The proposed method improved the color consistency for all datasets and achieved the highest values for InStero2K, our dataset, and on average. The proposed method without over-segmentation did better than the proposed in the InStereo2K, IVYLAB, and Middlebury datasets since superpixels obtained using over-segmentation sometimes overlap other object boundaries due to high complex textures in the datasets, resulting in slightly lower values. However, it is notable that only the proposed method improved for all the datasets and achieved the highest average value in both subjective and objective evaluations.

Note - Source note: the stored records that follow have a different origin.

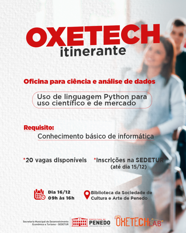 Para capacitar a população com o uso de linguagem Python para uso científico e de mercado na ciência e análise de dados, a Secretaria Municipal de Desenvolvimento Econômico e Turismo (Sedetur) em parceria com o OxeTech ofertam uma oficina na próxima quinta-feira (16).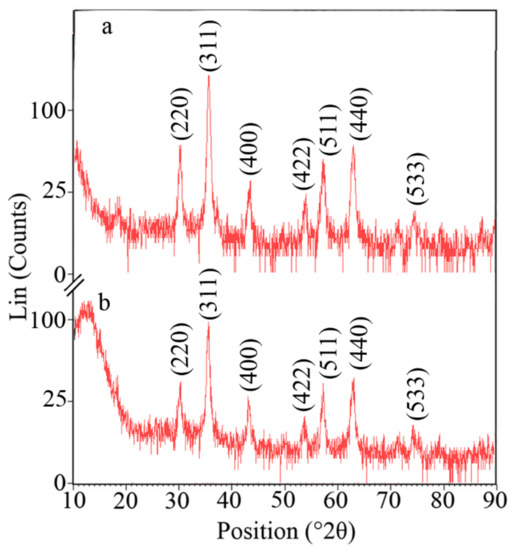 XRD patterns of naked (a) and APTES-coated (b) MNPs indicating the characteristic diffraction pattern of magnetite crystals.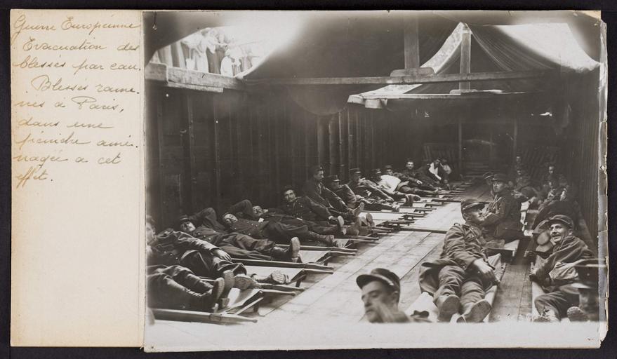 Keywords: photo border Evacuation des blessés par eau. Blessés ramenés à Paris, dans une péniche aménagée à cet effet. Evacuation des blessés par eau. Blessés ramenés à Paris, dans une péniche aménagée à cet effet.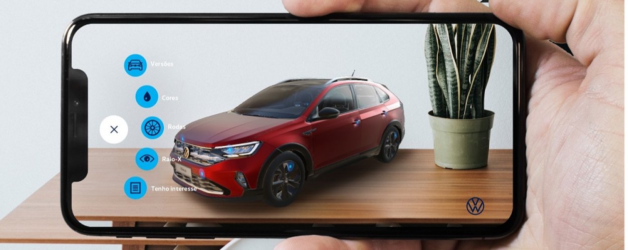 No embalo do lançamento do Nivus, a Volkswagen aproveita para mostrar sua nova ferramenta digital para propagandear seu novo modelo e - futuramente - outros carros da marca. Em um aplicativo de realidade aumentada, é possível ver detalhes do SUV compacto, além de configurar o utilitário.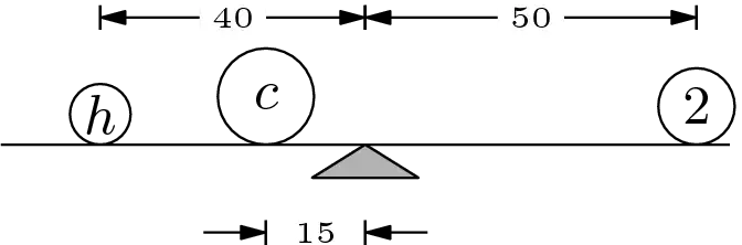 The first example is from Physics. Suppose that we are given three objects, one with a mass known to be 2 kg, and are asked to find the unknown masses. Suppose further that experimentation with a meter stick produces two balances (one of which is depicted below).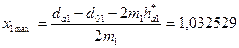 7. Максимальный коэффициент смещения исходного контура x1 max определяется из условия, что толщина головки зуба равна 0,4m1 . Для расчета требуется диаметр окружности головки зуба da 1 . предварительный расчет диаметра головки зуба проводится по формуле: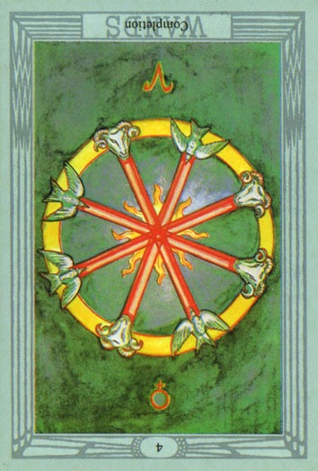 The number and element of this card (4=structure, element=fire) are in sync because fire can use the stability of structure, and structure can use the liveliness of fire. Here the structure of 4 doesn't cause stagnation.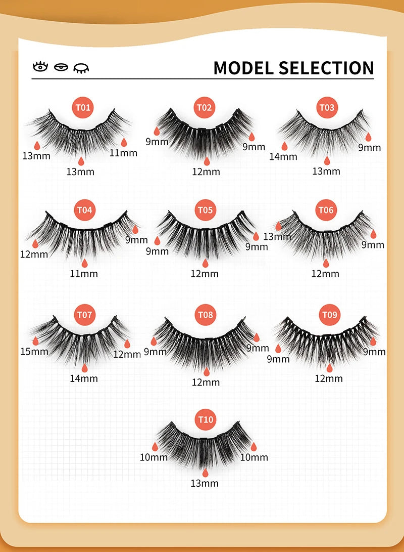 Tamaño del producto: 10,90 x 4,70 x 1,00 cm (Compacto y elegante). Peso del producto: 15,80G (Ultraligero). Adaptarse a la multitud: Uso universal (Perfecto para todas/os). Cantidad: 1 par de pestañas + 1 botella de pegamento/adhesivo.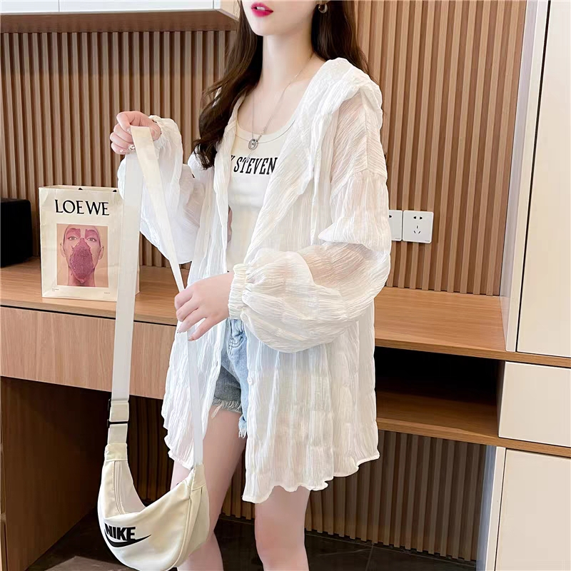BY12383# 涤纶夏季薄款连帽防晒衣女宽松外搭长袖外套上衣 服裝批發女裝批發服飾貨源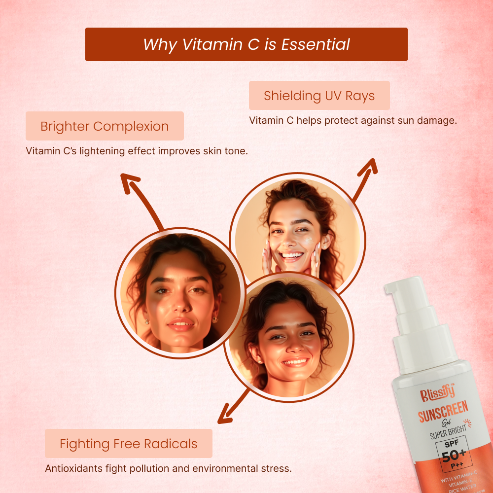Blissify Vitamin C Sunscreen with Ceramides, Niacinamide & Vitamin E | Broad Spectrum SPF Protection

Fig. 4 shows how color consistency enhancement can improve 3D reconstruction results obtained using a structure from motion (SfM) algorithm [4]. Since the background and the objects in our datasets 1 and 2 have less textures, and a few images were used, the 3D scenes were partially reconstructed. The SfM algorithm easily failed with the images with color inconsistent and thus resulted in very sparse 3D reconstruction. The 3D reconstructions with the color-corrected images obtained using both the CT and the GC methods were also unsatisfactory.

More 3D points were produced using the images obtained using the OPT method as shown in Fig. 4(e). However, textureless parts, including the wall, the floor, and the chairs, were still sparse. In contrast, the 3D reconstructions after color correction by the PR and the proposed methods were significantly improved.

The proposed method produced better results than the PR method by generating more 3D points for the textureless objects. It is notable that a similar amount of feature matching was initially found in the SfM algorithm regardless of the color correction method. However, the less consistent the color was, the more correspondences were removed as outliers. Consequently, the most 3D points were generated when using the resultant images of the proposed method.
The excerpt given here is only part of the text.